Мало того, что была гномом в данный момент, так еще и перепачкалась, впечатавшись в крышу вагонетки всем телом.
На щеке у меня отпечатался старый сухой лист, катавшийся с вагонеткой черт знает сколько времени.
Да и вообще все лицо было перепачкано многолетней пылью.
— Я испорчу вам ваше прекрасное пальто, — пробормотала я.
Оно было действительно шикарным.
Из хорошего, дорогого материала.
С гладкой, прохладной подкладкой и пушистым меховым воротом.
И пахло от него приятно.
Дорогими мужскими духами.
Юноша нахмурился.
Вынул платок и осторожно, ненавязчиво, вытер мою зашибленную щеку с остатками старого листа.
— Пальто можно будет почистить, — сказал он веско. — А вот у твоей матери, видно, сердца нет. Отправила тебя в путешествие без теплой одежды!
Я покраснела и опустила глаза.
— Она и сама тоже не оделась, — бормотала я. — Видите ли, мы думали, что ненадолго… То есть, дорога из долины совсем недолгая…
И я замолкла, совершенно запутавшись.
И смутившись от близости этого молодого красавца.
— Мастер Кит, вы такой силач! — меж тем восторженно заквохтали мои соседки по вагонетке. — Втащить такую толстуху одним махом! Ах, вы самый смелый молодой человек, которого мы только видели!
— Да что вы такое говорите, — рассмеялся красавчик. — Никакая она не толстуха! И смелая тут она. Хотя, конечно, риск неоправданный.
Но гномихи имели на мой счет иное мнение.
— Толстая, толстая! — кричали они наперебой, кривя губы. — Как кубышка!
— Столько лопает, что на шубу не хватило денег! — гомонили вторые.
— Все проела! — издевательски хихикали третьи.
Я покраснела.
Раз в жизни оказываешься перед красивым юношей, и в таком неприглядном виде!
Еще и толщина…
Я честно хотела быть похожей на Рози. Вот магическая иллюзия меня и разнесла вширь.
— Да бросьте, — небрежно ответил мой спаситель. — Конечно, она одета неброско, но… в некотором роде… элегантно. Как эльф.
— Как эльф? —вырвалось у меня при звуке знакомого слова. — А что это за существа такие?
Гномихи снова расхохотались. Неприятно. Стыд так и обжег мои щеки.
— Из какой глухой деревни вы вылезла! — верещали насмешницы. — Про эльфов даже не слышала!

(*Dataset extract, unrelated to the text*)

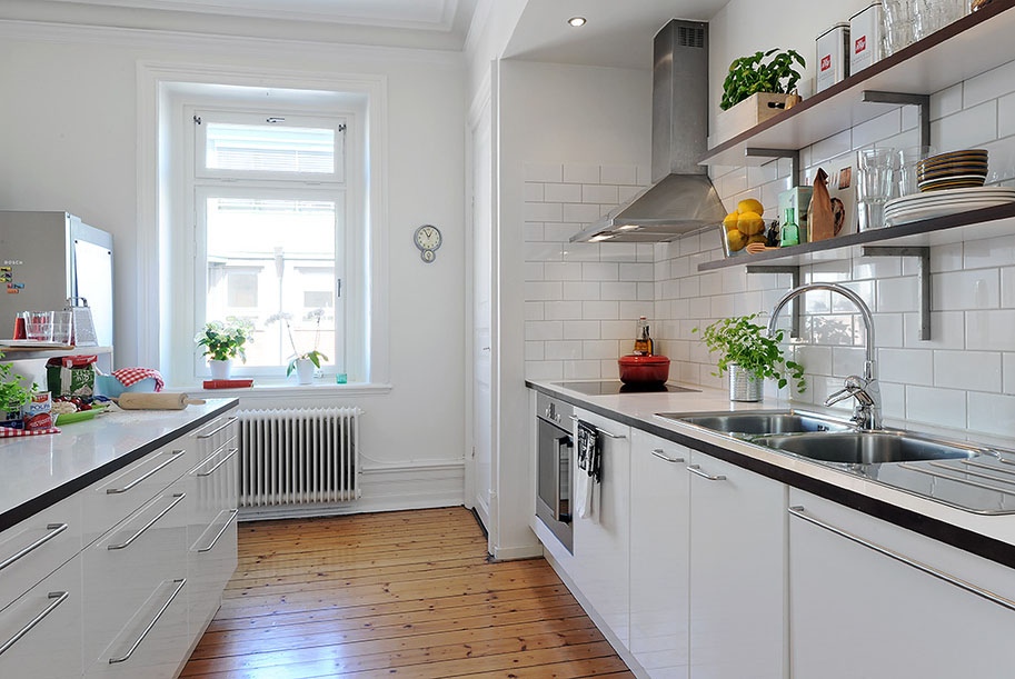 Die Arbeit an der Gestaltung des Küchenraums selbst umfasst zunächst die Verlegung von Abwasser- und Wasserleitungen und deren Verdeckung in den Wänden.Wenn die Rohre nicht verborgen werden können, sollten sie entlang des Bodens verlegt und mit Platten abgedeckt werden. Vorinstallationsrohre und Heizung müssen durch Metall- oder PVC-Rohre ersetzt werden.

Мой спаситель улыбался мягко. Но мне показалось, что он смотрит на меня снисходительно, сверху вниз, как на дурочку какую-то!
А это не очень-то приятно!
Особенно если ты никак не можешь это исправить.

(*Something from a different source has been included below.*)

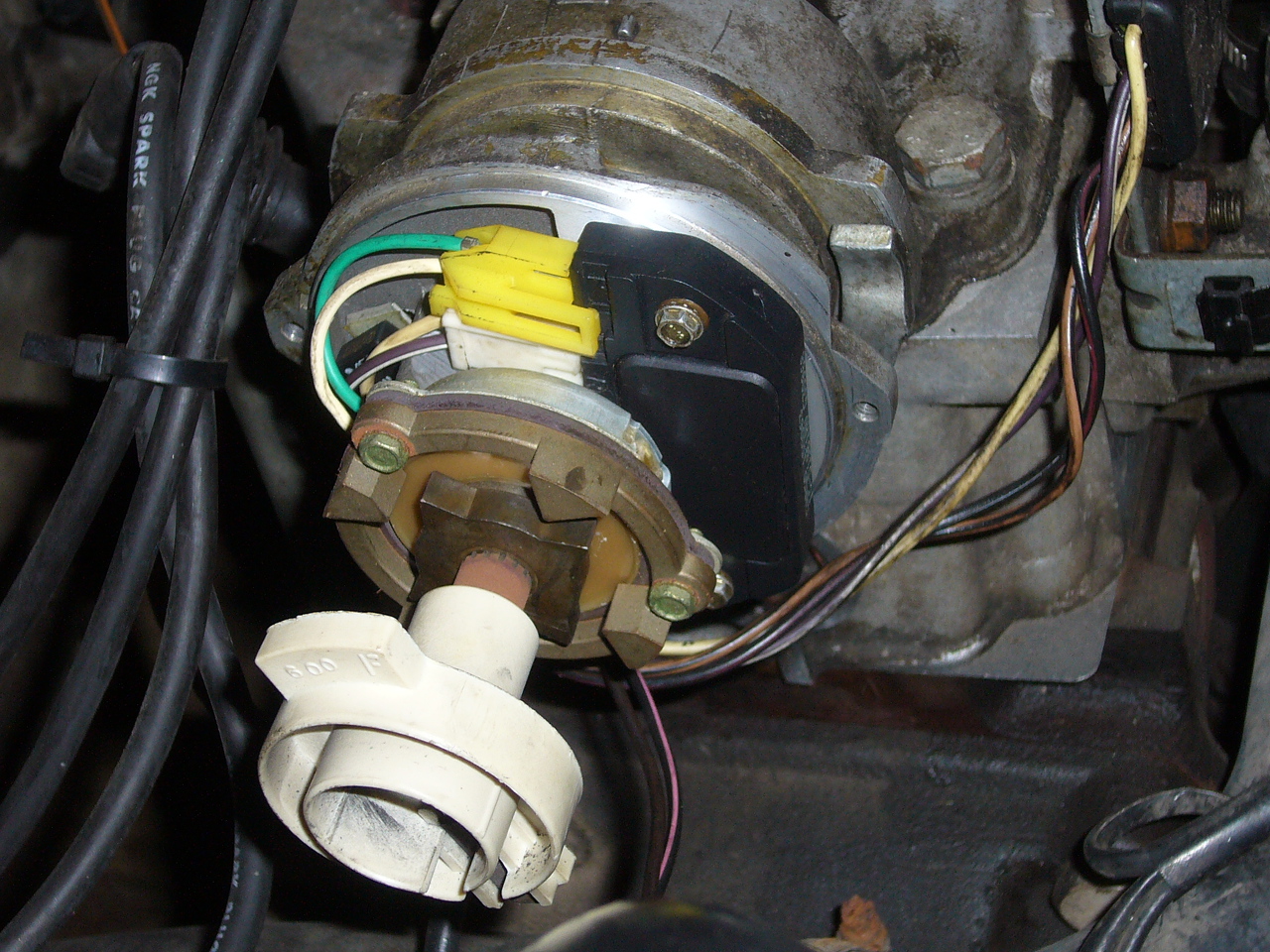 Hát szerintem nem ördöngösség,neked a vezérmütengelyen van az eloszto ,összejelölöd a vezérmü házzal az eloszto házát lekapcsolod rola a kábelt ami oldalt megy rá,azután kiveszed az egész elosztot,nem gond azután ha elfordul mert majd összerakásnál kell ugyanoda forgatni a rotort hogy bemenjen a helyére,a fehér rotort leveszed ,alatta van az a 2 csavar azt kitekered és az alatt lesz a te modulod. a kábel ugy látom abba a fekete dobozba csatlakozik.mondjuk kérdés hogy a fekete modul micsoda....

Показать свои знания. Знаний-то нет!
— Она, наверное, из Долины, — вытаращив глаза, радостно продолжали гномихи. — В долине все нелюдимые!

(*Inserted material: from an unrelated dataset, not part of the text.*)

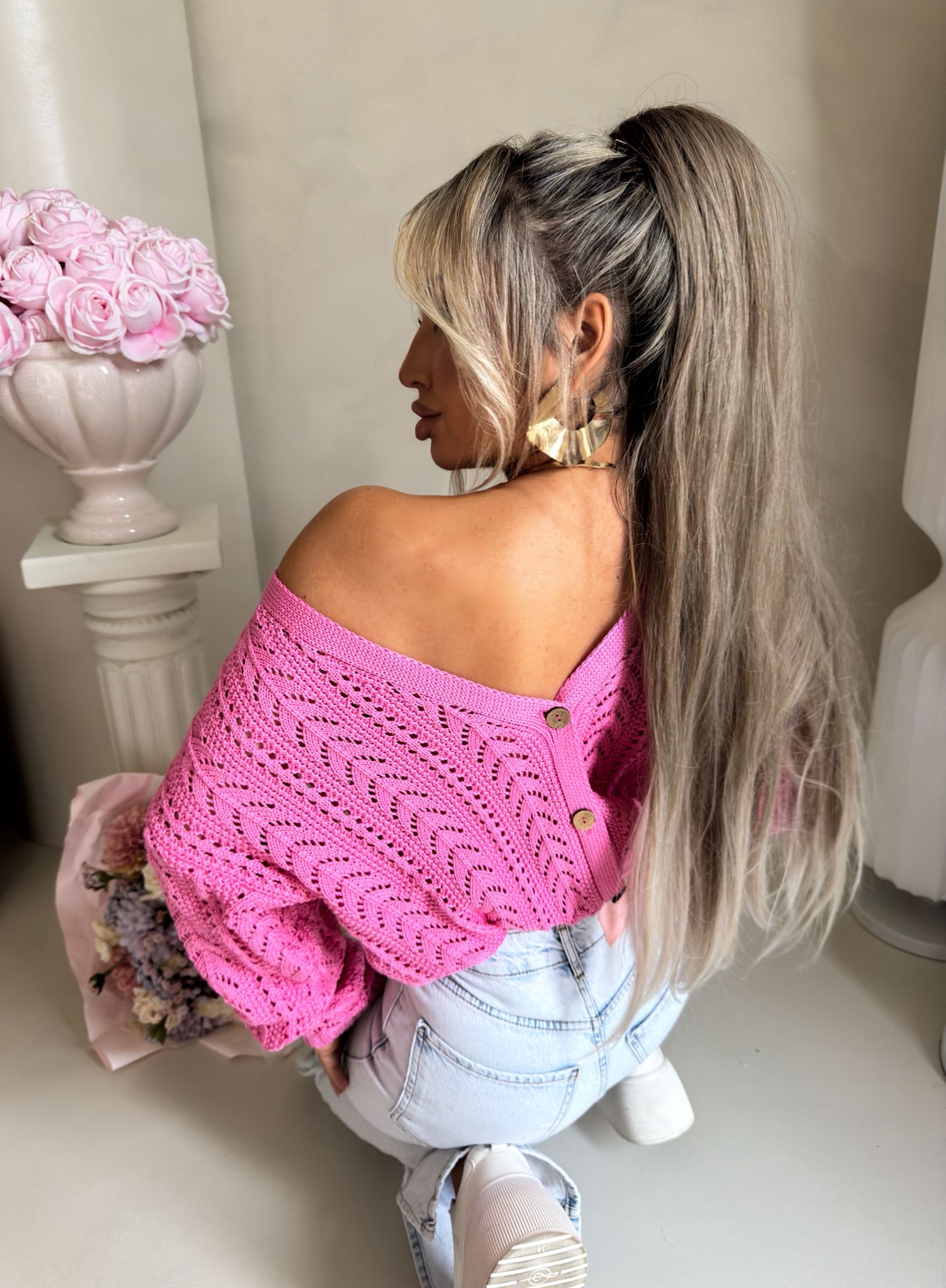 Sweter z dzianiny o ażurowym, dekoracyjnym splocie, który nadaje całości lekkości i subtelnego charakteru. Model o krótkim fasonie z dekoltem w serek, zapinany z przodu na stylowe drewniane guziki. Długie rękawy zakończone są ściągaczami, podobnie jak dół swetra.

— Темные! — поддакнула вторая.
— Сидят в своем углу и мира не видели!
Интересно, сколько мира видела эта курносая задавака?!
— Не обращай на них внимая, — мягко произнес юноша. — Болтушки…
— А вы, — бухнула я, не раздумывая, — эльф?
Гномихи снова закатились в хохоте. Как куры заквохтали…
— Эльф?! — верещали они. — Эльф!
— Что? — удивился юноша. — Эльф? Я? Нет, конечно. Я…
Тут он замялся и опустил взгляд. А когда поднял… меня словно огонь охватил от сверкающей красоты его глаз!
— Я человек, — очень мягко произнес он.
Человек… я, выходит, тоже? Раз похожа на него больше, чем на гномов?
Почему же тогда Рози сказала, что мое наследство эльфийское?
А мне трудно дышать от его присутствия рядом!
Все так и печет! Словно я увидела магический артефакт и меня влечет его взять, коснуться.
Даже если у меня рука отсохнет!
— И немного демон, — продолжил юноша.
— Немного?! — возмутились неугомонные гномихи.
— Наполовину! — кричали они.
В доме гномихи было тепло, тихо и сыро.
Как и полагается любому приличному гномьему дому.
Я спустилась на минус третий этаж и без труда нашла кухню. Гномы на удивление одинаково мыслят. Даже когда строят дома.
Там я отыскала и буфет, и горячий чайник, полный кипятка, и чашку, и обещанный мед.
Быстро заварила себе чай и уселась прямо в темный угол, на принесенную вязанку хвороста.
Об обжигающие бока чашки я грела окоченевшие руки.
А озябшими и промокшими ногами уперлась прямо в стенку печки.
Красные башмаки совсем не годились для того, чтоб в них разгуливали по сугробам.
Они оставались все такими же нарядными, лаковыми, новенькими.
Но ужасно холодными и жёсткими. Неудобными.
Чашка обжигающего чая с барбарисовой кислинкой и ложкой меда показалась мне просто божественным граалем с самым вкусным на свете напитком.
Желудок мой урчал.
И я, заливаясь слезами от голода, холода и усталости, жадно проглотила еще три огромных ложки меда, даже не думая, что я делаю.
Я бы и всю банку опустошила.
Но совесть вовремя проснулась.
И еще кое-кто…
— Кто тут? — рявкнуло вдруг из угла, где были свалены какие-то черные закопченные горшки.
— А-а-а-а! — заверещала я, свалившись с вязанки хвороста и чуть не облившись кипятком.
На мое счастье, барбарисовый чай плеснулся на эти самые горшки.
А те вдруг ожили.
С грохотом запрыгали, разворачиваясь ко мне грубыми преступными рожами!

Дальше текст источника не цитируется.